Além do rap, Gloria também investe muito no rythm and blues, que dá o tom para seu projeto nas redes sociais, Mash Sessions, onde ela solta a voz unindo uma música internacional e uma nacional do gênero mais lento. Mas é difícil decidir qual o seu favorito: "Me sinto em casa com os dois, sem um ou o outro não estaria completa", avisa.

Mas o foco no pop é nítido para a cantora: "Estou aprendendo muito o que é compor um pop de peso. É uma loucura pois o que era uma brincadeira de adolescência, virou algo muito sério para mim, uma coisa que eu estudo. Então exploro tudo o que eu posso o tempo todo."

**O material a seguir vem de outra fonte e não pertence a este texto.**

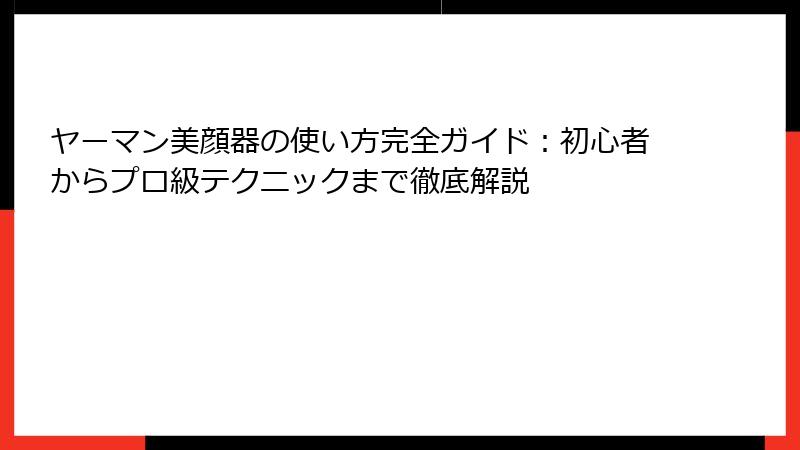 この記事では、初心者が陥りがちなミスを防ぎながら、ヤーマン美顔器の効果を最大限に引き出す方法を具体的に解説します。
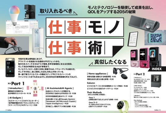 令和の仕事は根性論では遂げられない! アウトプットを加速させる最新のAI搭載ガジェットから、集中力を生むデスク環境、精度を高める文房具、余白の時間を生み出す家電まで。モノとテクノロジーを賢く日常に実装し、パフォーマンスとQOL(生活の質)を最大化させる「205の秘策」を徹底解説します。■ 特集目次
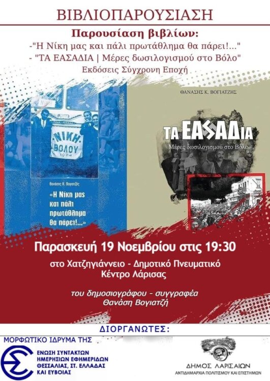 Παρουσίαση βιβλίων του δημοσιογράφου Θανάση Βογιατζή στη Λάρισα
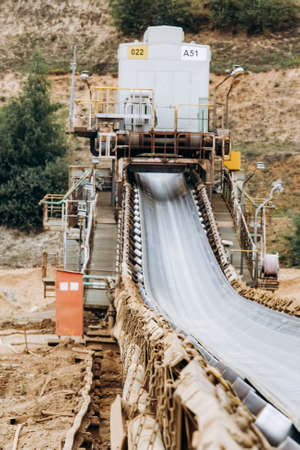 Stone crusher machine on top of open pit mine terraces. Panorama of gravel quarry in Pyrga area, Cyprus
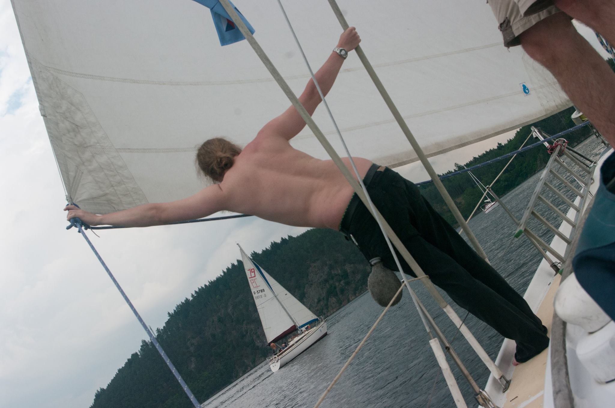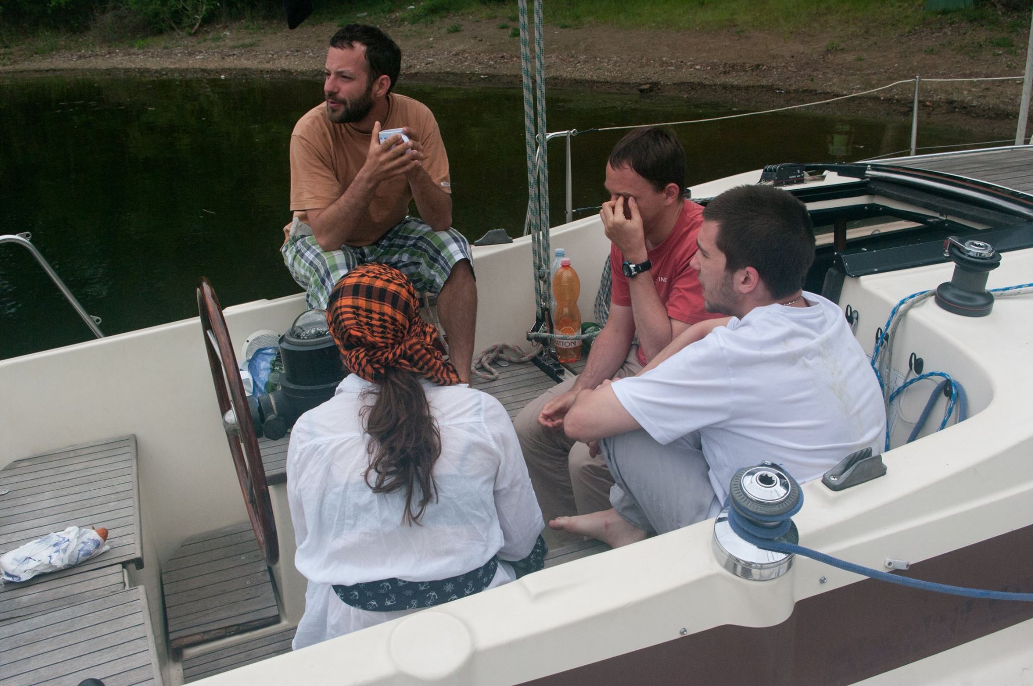 Plachtili jsme takhle celé dopoledne, ve 12 jsme začali vařit oběd, samozřejmě se okamžitě více rozfoukalo a na boční vítr jsme měli i náklon (k radosti kuchaře). Zrovna kormidlovala Verča a na to, že byla na lodi poprvé, zvládala kormidlování na motýla i halzy výborně. Ona vůbec celá posádka se hezky vycvičila již za sobotu a já měla i čas jít si sednout na příď nebo pomoct s obědem.
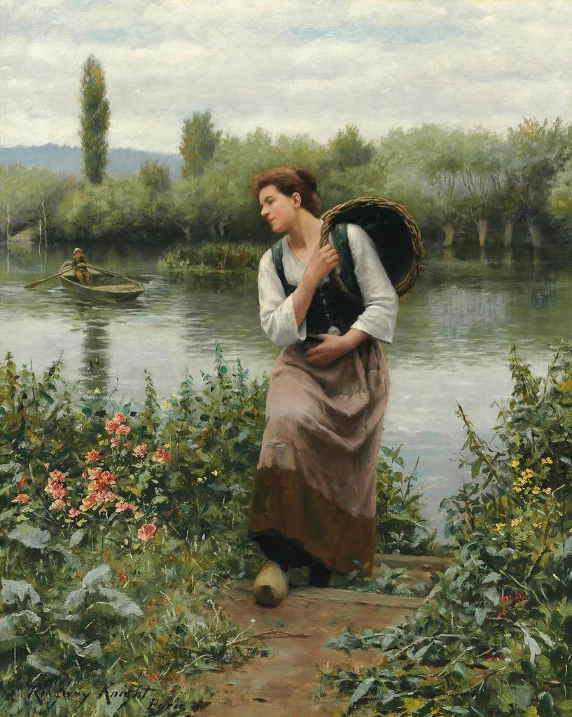 Kunsttryk | En kvinde med en kurv - Daniel Ridgway Knight
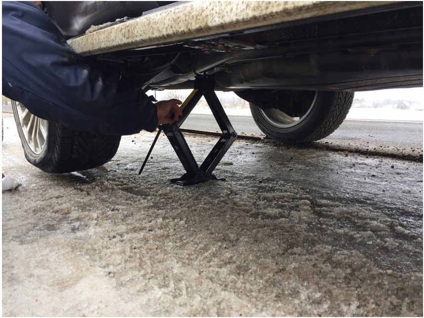 Домкрат имеет вращающуюся на 360° головку, оснащенную специальной резиной, защищающей автомобиль от повреждений.
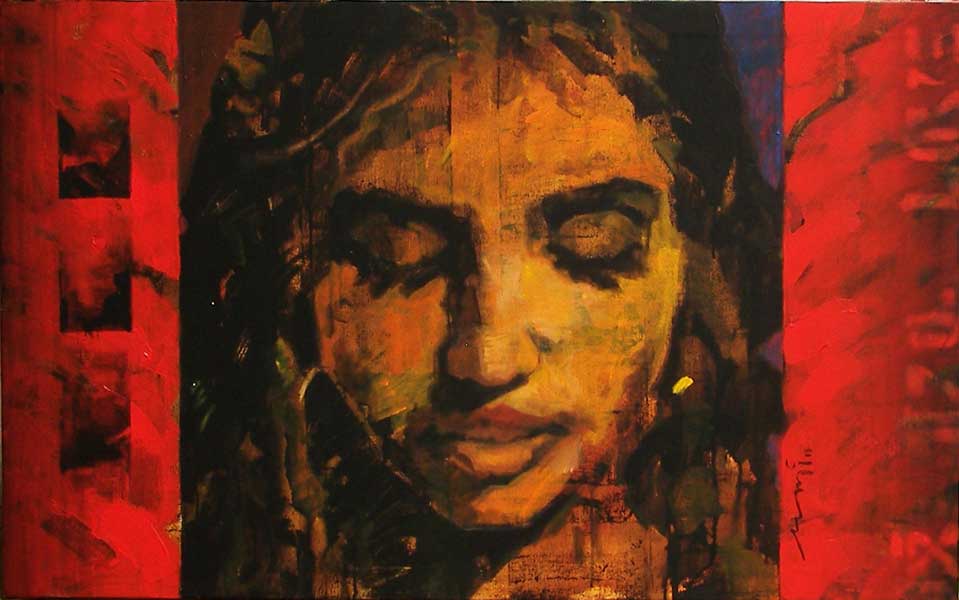 The various characters in my work have been displayed with partly closed eyes with subdued vision and aptly demonstrate the thinking/thoughtful oneself engaged in search of self identity of genre in the relevant arenas. It involves totally intermingling human sentiments like emotional attachments and ties of close knit relation. Hence, psychological involvement, love, joy, passion, peace, eternity, almighty and other related forms always find due place in my work so as to decorate it with vivid forms of sentimental mindscapes of any sensitive human being.
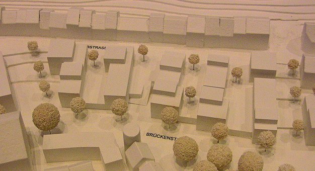 Zwei Projekte mit Lebensmittelmarkt und Parkplätzen Zum Vergleich: Der Siegerentwurf des städtebaulichen Wettbewerbs vom Büro Tusker & Ströhle aus dem Jahr 2008. (Foto: Hubert Richter)Mehr Bilder (Klicken zum Vergrößern):
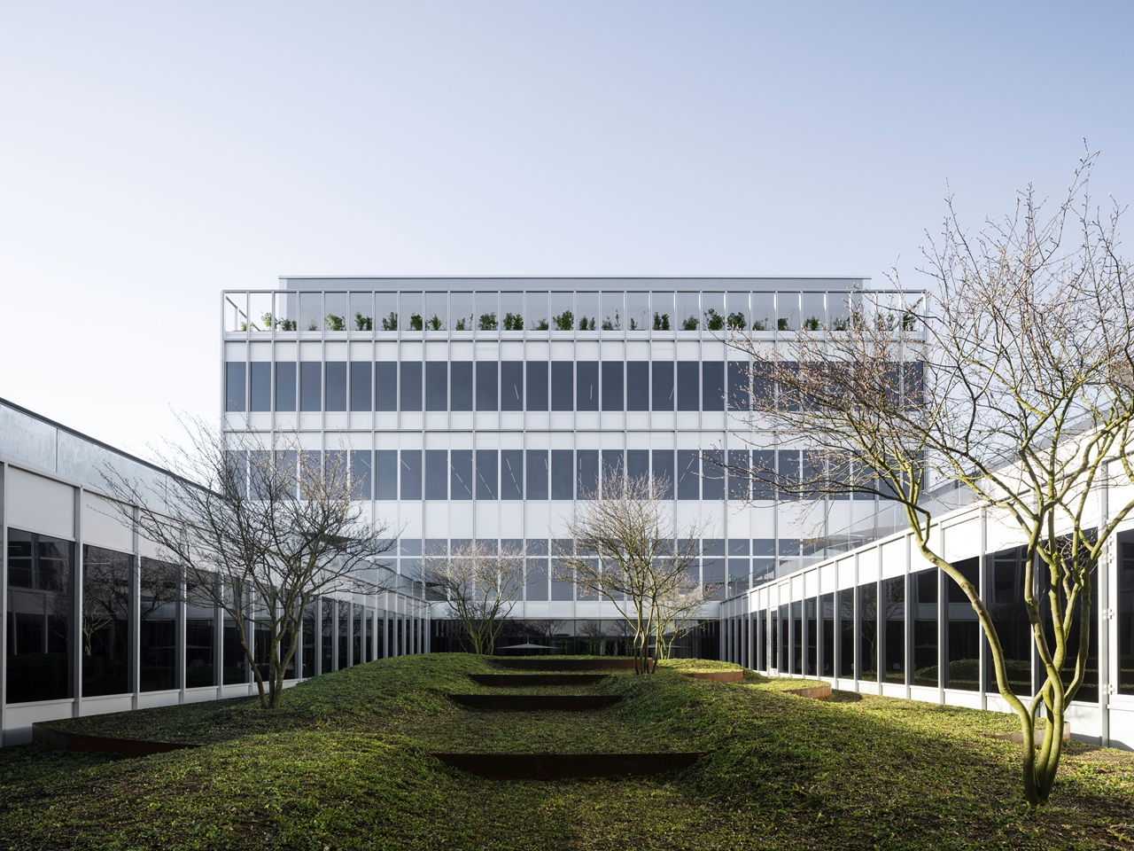 Благополучие обеспечивается продуманной организацией рабочих и переговорных зон, расположенных вокруг зеленого внутреннего двора: входы для сотрудников и посетителей сходятся к центральному пространству, задуманному как место для встреч и обмена мнениями, где расположены кафетерий, многоуровневые сиденья и большой экран с видом на двор.
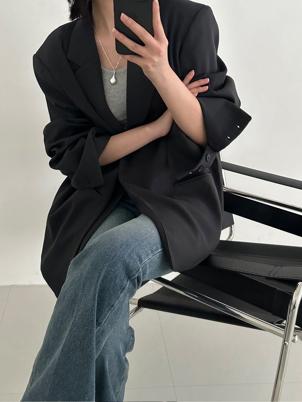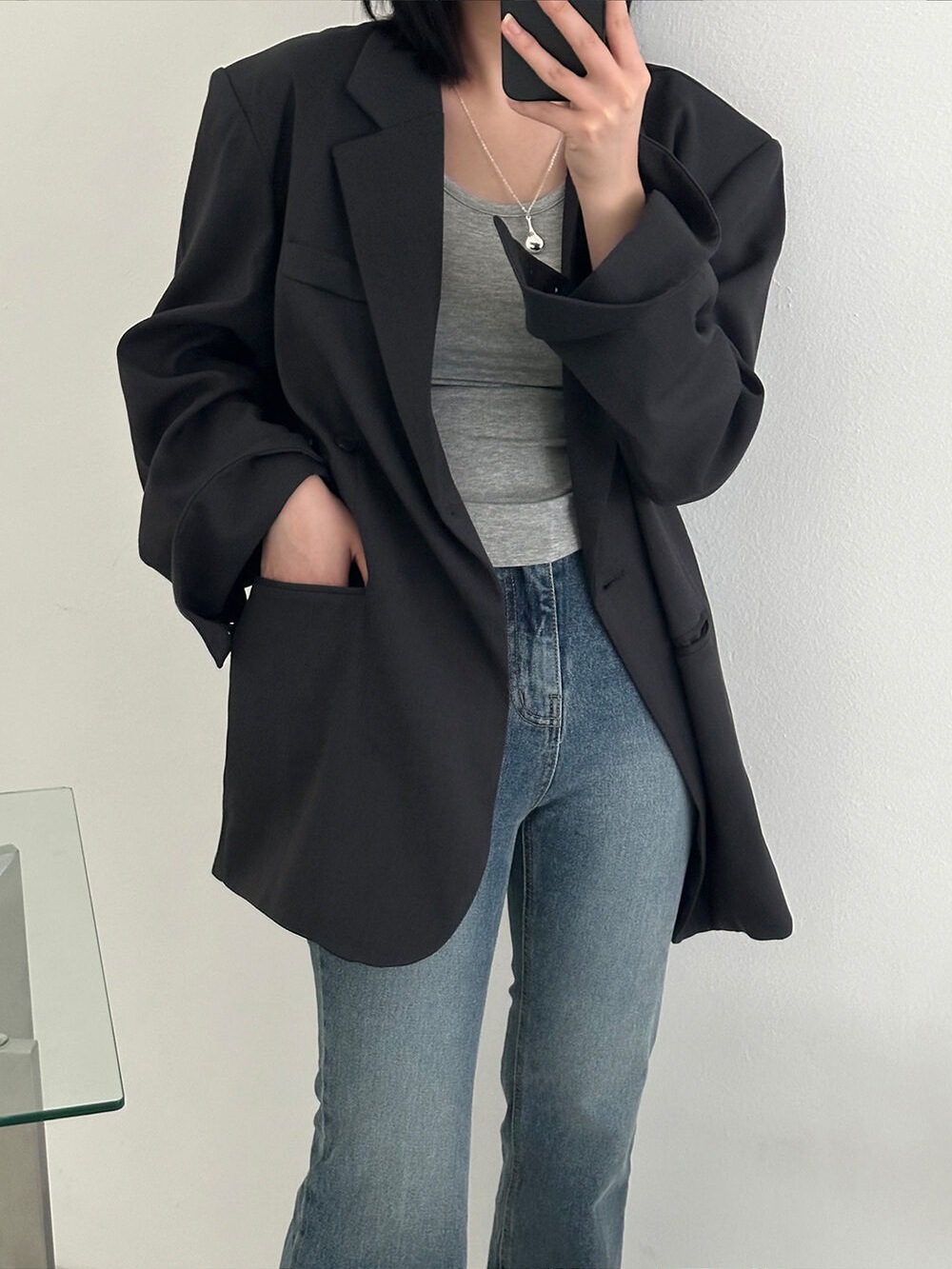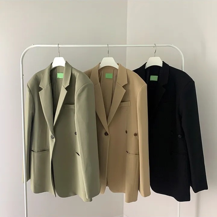 鬆弛感 寬版西裝外套(黑/卡其/綠)
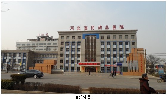 河北省民政總醫(yī)院是由原河北省復(fù)員軍人醫(yī)院和河北省榮譽(yù)軍人康復(fù)醫(yī)院整合而成。醫(yī)院技術(shù)力量雄厚、專業(yè)科室齊全、醫(yī)療設(shè)備先進(jìn),是集醫(yī)療、科研、教學(xué)、預(yù)防保健和康復(fù)醫(yī)療于一體的現(xiàn)代化綜合醫(yī)院。醫(yī)院坐落于邢臺(tái)市區(qū)西北(橋西區(qū)泉南西大街293號(hào)),環(huán)境優(yōu)美、交通便利、醫(yī)療建筑面積近4萬(wàn)平方米,有急診樓、門診樓、醫(yī)技樓、康復(fù)樓、住院樓、頤康樓及其他配備設(shè)施。編制床位800張。現(xiàn)有職工700余人,其中高級(jí)職稱124人,中級(jí)職稱161人。
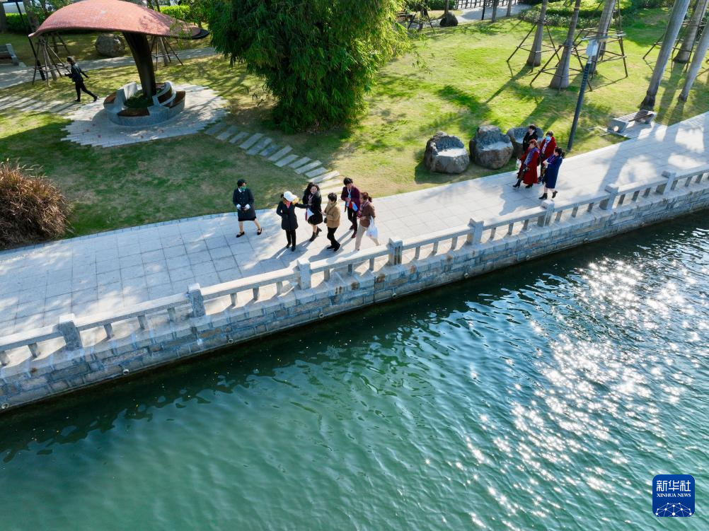 1月24日,廈門市民在筼筜湖邊散步休閑(無人機(jī)照片)。新華社記者 姜克紅 攝
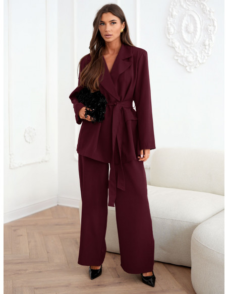 Stylowy garnitur w kolorze bordowym to propozycja dla kobiet ,które kochają elegancję w nowoczesnym odważnym wydaniu.
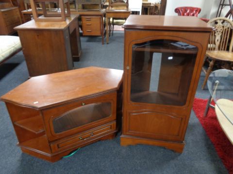 A contemporary audio cabinet and TV stand in a walnut finish.
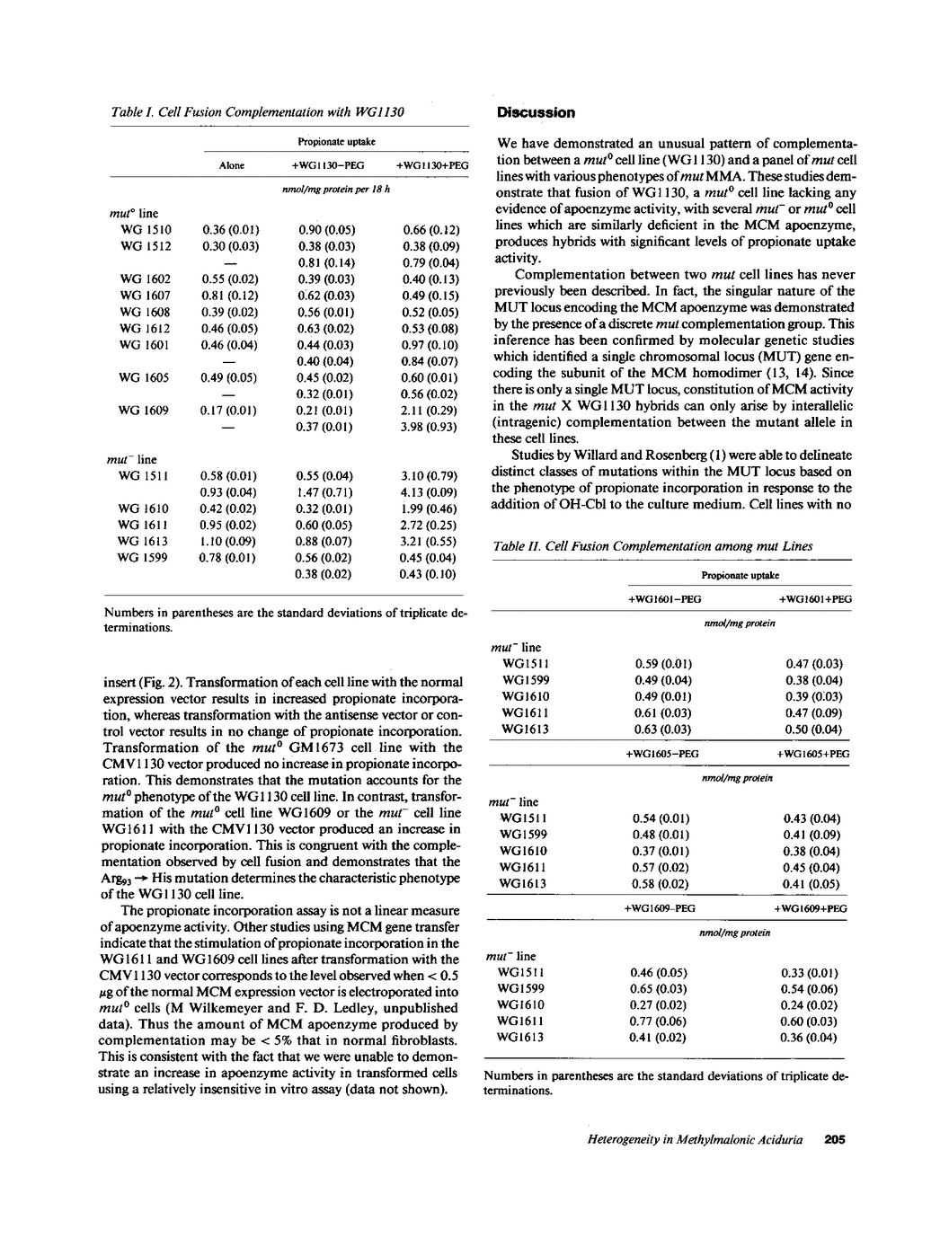 Genetic complementation of fibroblasts from patients with methylmalonic aciduria (MMA) defines a unique class of allelic mutations arising from mutations at the locus encoding the methylmalonyl coenzyme A (CoA) mutase apoenzyme. Various phenotypes of MMA have been delineated including complete absence of enzyme activity (mut0) and abnormal enzyme activity with an elevated Km for adenosylcobalamin (mut-). We describe genetic studies on a cell line (WG1130) from a patient with mut0 MMA which exhibited an unusual complementation phenotype, complementing with three of nine mut0 cell lines and four of five mut- cell lines. This suggests that interallelic complementation occurs between mutant alleles in WG1130 and subsets of alleles associated with both mut0 and mut- phenotypes. The methylmalonyl CoA mutase cDNA was cloned from WG1130 and found to contain a G354----A (Arg93----His) mutation. Gene transfer of this mutant clone into primary fibroblasts from patients with MMA confirms that this mutation expresses a mut0 phenotype when transferred into a mut0 cell line with low levels of mRNA but can contribute to apoenzyme function when transferred into mut cell lines which show correction with WG1130 by somatic cell complementation. These results point to further heterogeneity within both mut0 and mut- and may enable identification of mutations affecting discrete components of apoenzyme function.

"Então eu diria que no momento o pop está me pegando muito mais. Coisas como Yoyo são momento sem que sinto que estou escrevendo a história do meu país. O universo dos videoclipes está voltando a tona graças às Drag Queens", afirma. E continua: " Elas trouxeram pro debate a elevação dos vídeo clipes".

Dublagem

Antes mesmo de ser Gloria Groove, Daniel Garcia já era dublador e tinha uma carreira consolidada em seu nome. Assim oportunidade de dar voz ao Aladdin na versão live do filme foi gratificante: " Tudo aconteceu já numa fase onde era muito mais conhecido na música como Gloria do que em dublagem, deu a impressão de que fui convidado, mas na verdade passei em dois testes e por isso ganhei o papel", conta.

O processo, segundo Gloria, foi maravilhoso: "Como já conhecia todas as pessoas com quem iria trabalhar, estava me sentindo em casa. Além disso, era inevitável a sensação de nostalgia misturada com extrema responsabilidade de estar revivendo músicas e diálogos de algo tão icônico. Estou muito apaixonado pelo resultado. Assisti três vezes no cinema e já quero de novo!", finaliza.

Sobre o sonho de um próximo personagem a cantora já avisa: "Gostaria de um dia dublar a minha própria voz em português, para um conteúdo que produzi originalmente em inglês. Imagina só que loucura?"